An Argument for More Neurodiversity in the Classroom


In elementary school, students aren’t just taught to read, write, or count; they are also taught how to interact with one another. In a “normal” classroom, each student is neurotypical, meaning someone is not on the autism spectrum, while in another classroom there are students who are neurodiverse, meaning they are on the autism spectrum – but why? Why in a classroom does there have to be separation between students with and without autism, and who does it benefit? 

The short answer is, nobody. The separation of students  at such a young age creates such a stigma in their mind. The thought that, if they aren’t allowed in their classroom, “there must be something wrong with them.” Teachers still continue to tell their students to “respect everyone,” and “treat everyone how you wish to be treated,” and that should apply to everyone. Not just people who they’re familiar with. In high schools, we see all the time that students with autism or other disabilities are welcomed into other classrooms, but this is not the same for elementary schools. So why not?

Routinely, autistic students are not in classrooms with other students because there is a belief that it leads to student-on-student bullying. Teachers, parents, and administrators tend to believe their students will treat special education students differently or make them feel like outcasts. Although this fear is reasonable and recognized, it is important for both groups of students to be included and brought together. Students with autism are more likely to feel included in a larger group when in a more “typical” classroom, and students without disabilities are going to become accustomed to those who are different from what the “norm” is – or what they have been taught the “norm” is. 

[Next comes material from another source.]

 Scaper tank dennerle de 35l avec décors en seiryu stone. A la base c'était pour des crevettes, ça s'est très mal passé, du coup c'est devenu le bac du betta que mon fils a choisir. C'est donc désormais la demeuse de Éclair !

Caleb James, coach and a case manager for Truman says, “I believe it is a good idea to connect students with special education students at a young age. Growing up and learning in an environment that includes all different types of children will help them be prepared to live and interact in a world with all different types of people.” Case management, the process of working with students who have an IEP (Individualized Education Plan) in a learning environment, is an imperative part of making this happen for elementary schools. There needs to be more connections between both special education students on any part of the spectrum, students with physical disabilities, and students who you always see representing the school – interesting how that works, right? 

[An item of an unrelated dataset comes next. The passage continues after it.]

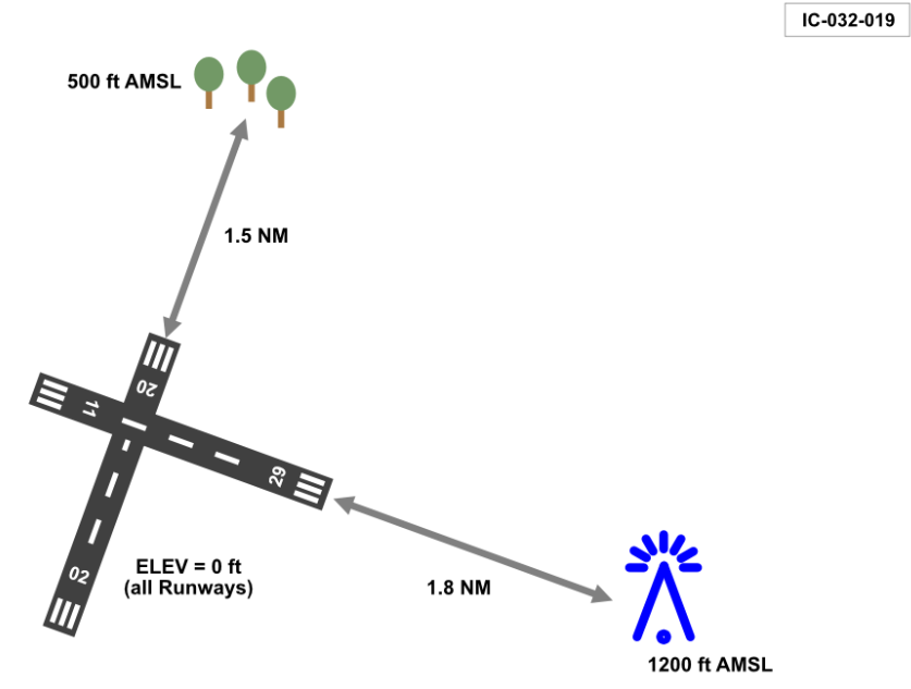 Obstacle height: 300 ft at a distance of 1.2 NM from DER (reference zero)

If the ISD wants “more diversity” in their education system, there needs to be connections between all kinds of students, with or without disabilities. It’s off-putting to have just neurotypical students, or students who don’t present as the “norm,” to represent us as a district and open community for all kinds of students. As elementary school students age, they are going to be more exposed to different kinds of people, and it’s the job of the administrators and teachers to teach them kindness and respect to all kinds of people. Not having more disability representation in our classrooms and schools, even at a young age, seems to hold back students a lot more, closing them off from the world in an odd way.